Your answer must be an exact copy of the lines below, from the first through the one with "Hopper went a", with no pictures.

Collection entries
..............................

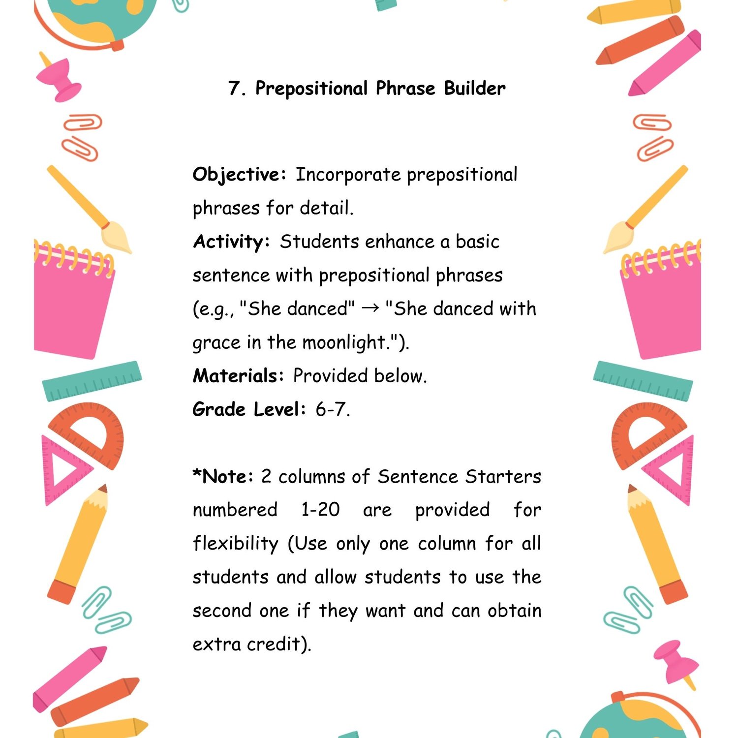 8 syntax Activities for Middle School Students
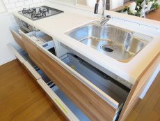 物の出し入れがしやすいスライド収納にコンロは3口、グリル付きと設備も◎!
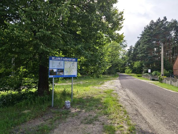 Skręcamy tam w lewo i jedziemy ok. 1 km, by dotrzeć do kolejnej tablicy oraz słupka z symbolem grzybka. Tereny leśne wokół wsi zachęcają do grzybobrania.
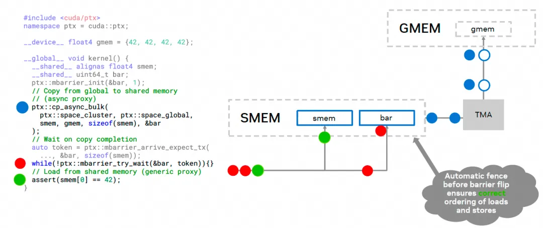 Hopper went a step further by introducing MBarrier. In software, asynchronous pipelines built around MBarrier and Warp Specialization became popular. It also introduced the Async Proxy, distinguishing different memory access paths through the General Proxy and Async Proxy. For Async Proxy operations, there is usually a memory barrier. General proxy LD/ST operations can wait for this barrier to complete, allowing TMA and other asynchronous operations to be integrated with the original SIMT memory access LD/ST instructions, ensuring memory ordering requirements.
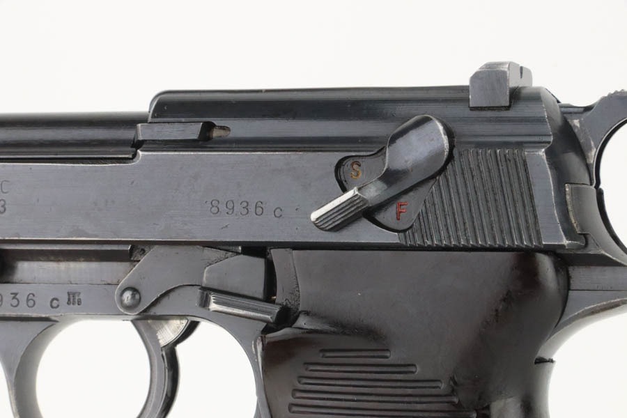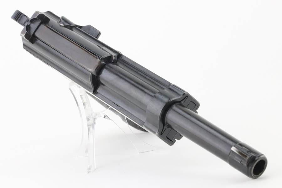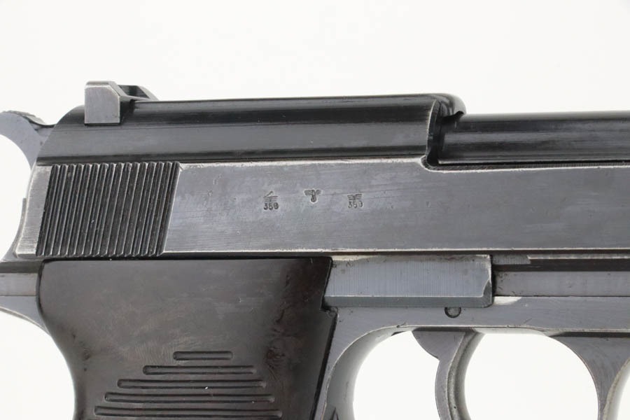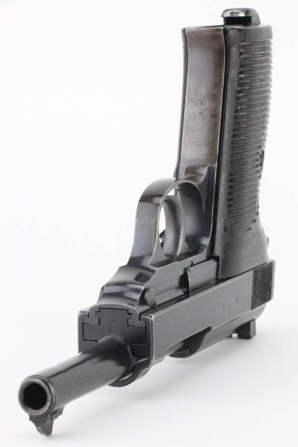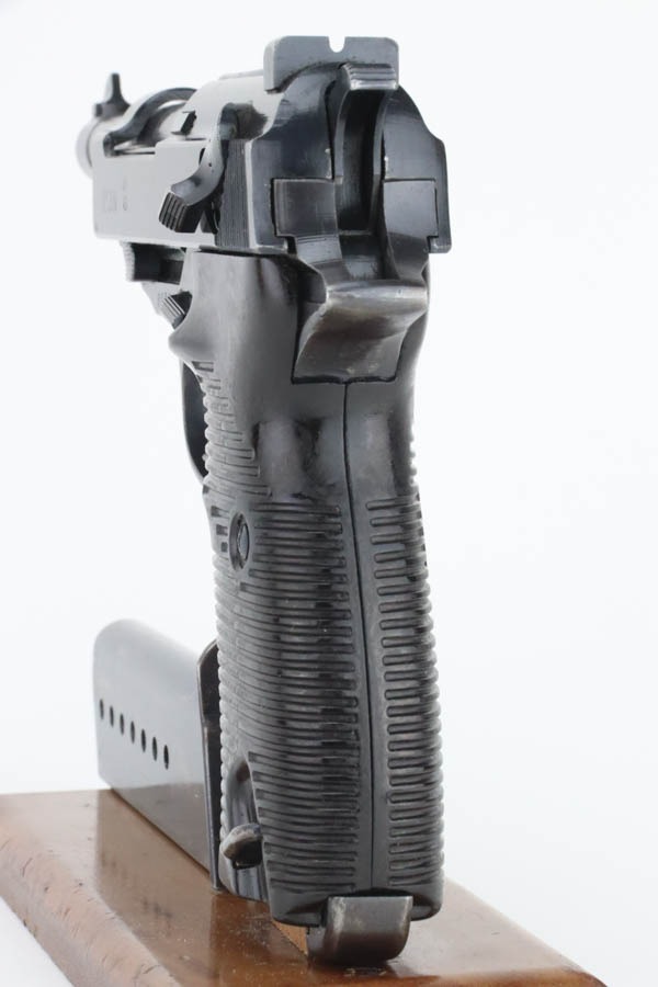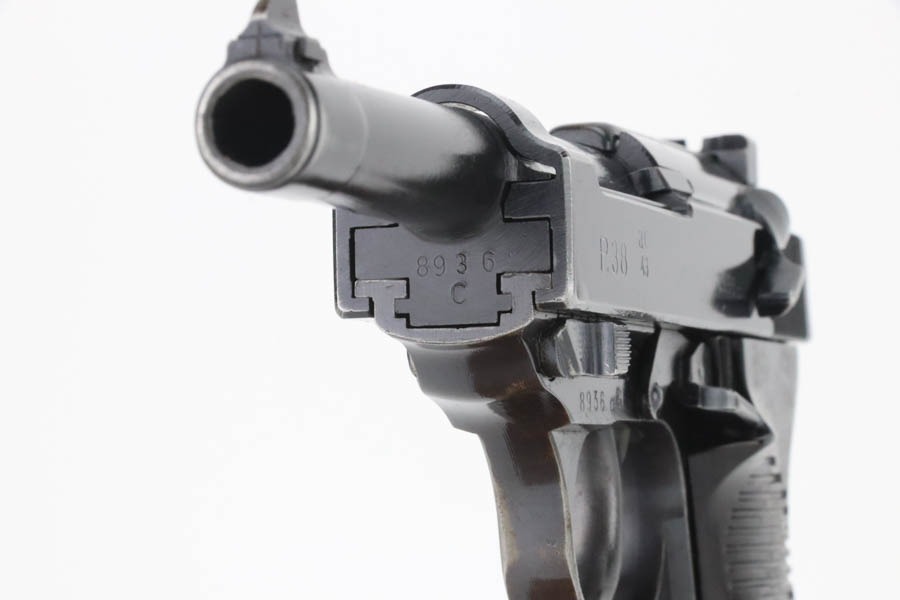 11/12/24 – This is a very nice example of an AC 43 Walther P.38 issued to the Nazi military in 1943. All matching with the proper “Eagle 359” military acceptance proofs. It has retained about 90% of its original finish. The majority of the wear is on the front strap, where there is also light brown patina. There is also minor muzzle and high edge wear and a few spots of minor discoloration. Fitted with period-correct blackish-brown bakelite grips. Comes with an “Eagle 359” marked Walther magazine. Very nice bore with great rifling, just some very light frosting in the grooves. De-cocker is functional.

..............................

Task result
 8 syntax Activities for Middle School Students
 物の出し入れがしやすいスライド収納にコンロは3口、グリル付きと設備も◎!
 Skręcamy tam w lewo i jedziemy ok. 1 km, by dotrzeć do kolejnej tablicy oraz słupka z symbolem grzybka. Tereny leśne wokół wsi zachęcają do grzybobrania.
 Hopper went a step further by introducing MBarrier. In software, asynchronous pipelines built around MBarrier and Warp Specialization became popular. It also introduced the Async Proxy, distinguishing different memory access paths through the General Proxy and Async Proxy. For Async Proxy operations, there is usually a memory barrier. General proxy LD/ST operations can wait for this barrier to complete, allowing TMA and other asynchronous operations to be integrated with the original SIMT memory access LD/ST instructions, ensuring memory ordering requirements.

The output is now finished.